Ein bedürftiger Student, der nicht mehr bei den Eltern lebt, kann heute monatlich bis zu 585 Euro einschließlich Wohngeld bekommen. Im Schnitt werden 376 Euro ausbezahlt. Die Fördersätze für Schüler sind etwas niedriger. Wegen der gestiegenen Lebenshaltungskosten hatten Experten eine Erhöhung mehrfach als überfällig bezeichnet. Der Bafög-Beirat der Bundesregierung wollte die Verbesserung bereits für dieses Jahr.
Der Erhöhung war in der Koalition ein langes Tauziehen vorausgegangen. Bundesbildungsministerin Annette Schavan (CDU) hatte noch Anfang des Jahres eine Erhöhung strikt abgelehnt und auf die notwendige Haushaltskonsolidierung des Bundes verwiesen. In den vergangenen Wochen hatte sich Schavan jedoch den Forderungen der SPD angenähert. Die grundsätzliche Einigung erfolgte dem Vernehmen nach bei der Koalitionsrunde am vergangenem Sonntag.

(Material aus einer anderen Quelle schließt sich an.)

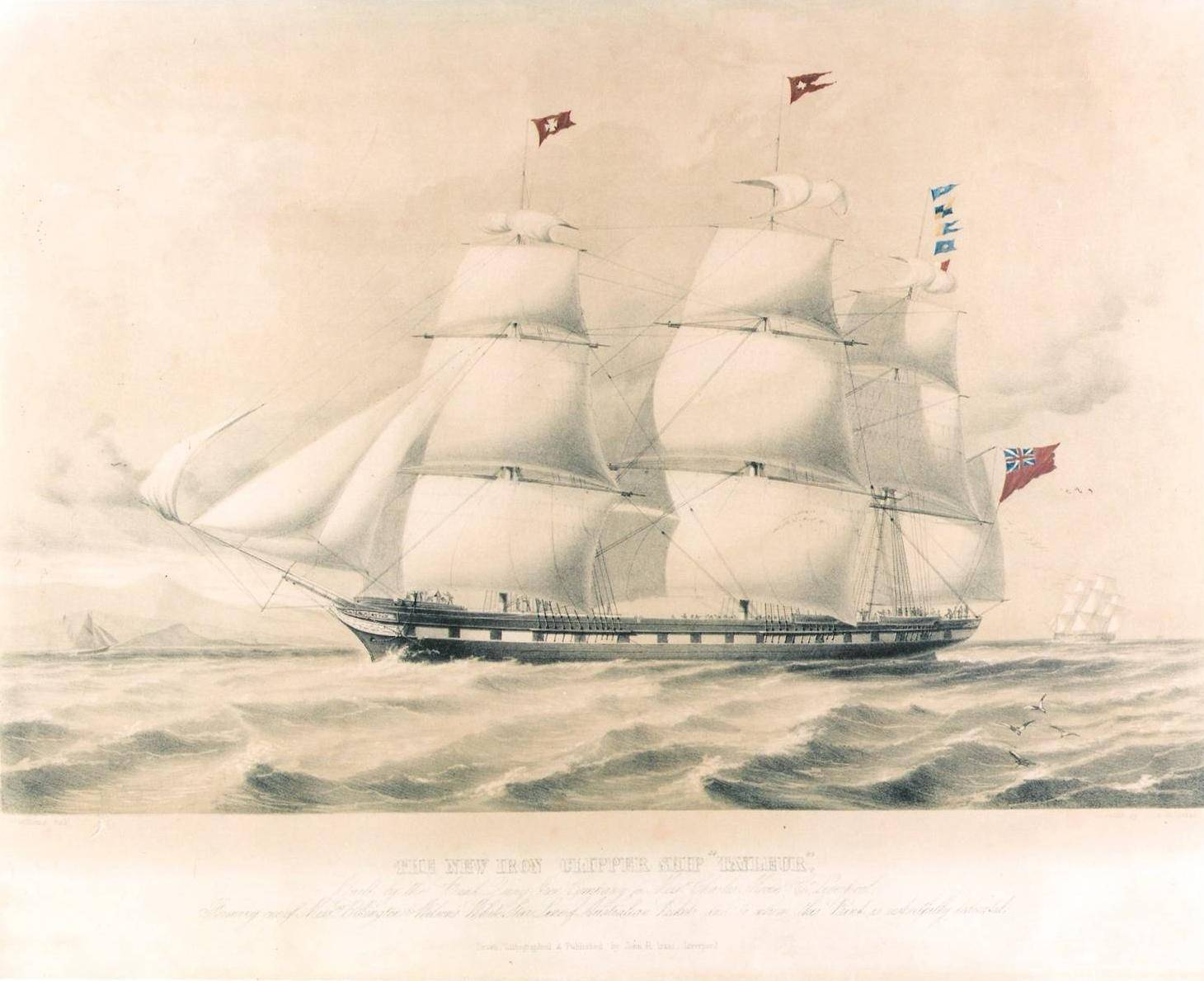 RMS Tayleur
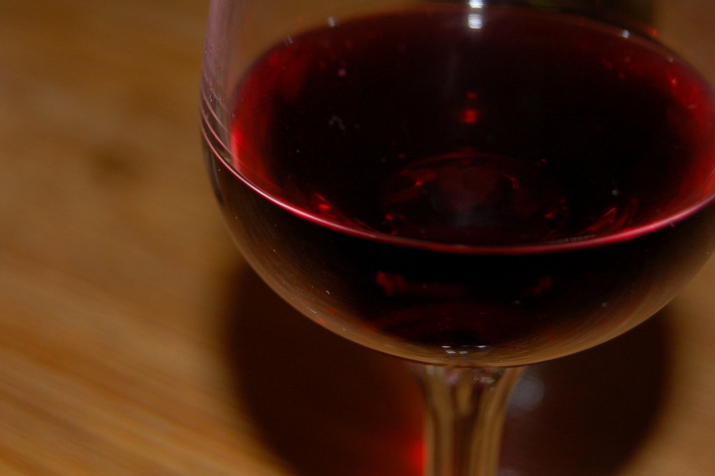 It is a thick Spanish Rioja "Baron de Barbon" from the winery Cosecha.

Nach Aussage des SPD-Bildungssprechers Jörg Tauss soll für die Bafög-Mehrausgaben Schavans Etat angehoben werden. Dies soll im Rahmen der Haushalts-Bereinigungssitzung am 15. November geschehen. Die CDU/CSU-Fraktionsvize Katherina Reiche sowie weitere Bildungspolitiker der Union erklärten, die Anpassung des Bafög-Gesetzes sei "ein Zeichen der Chancengerechtigkeit". Deutschland müsse alle Talente gewinnen.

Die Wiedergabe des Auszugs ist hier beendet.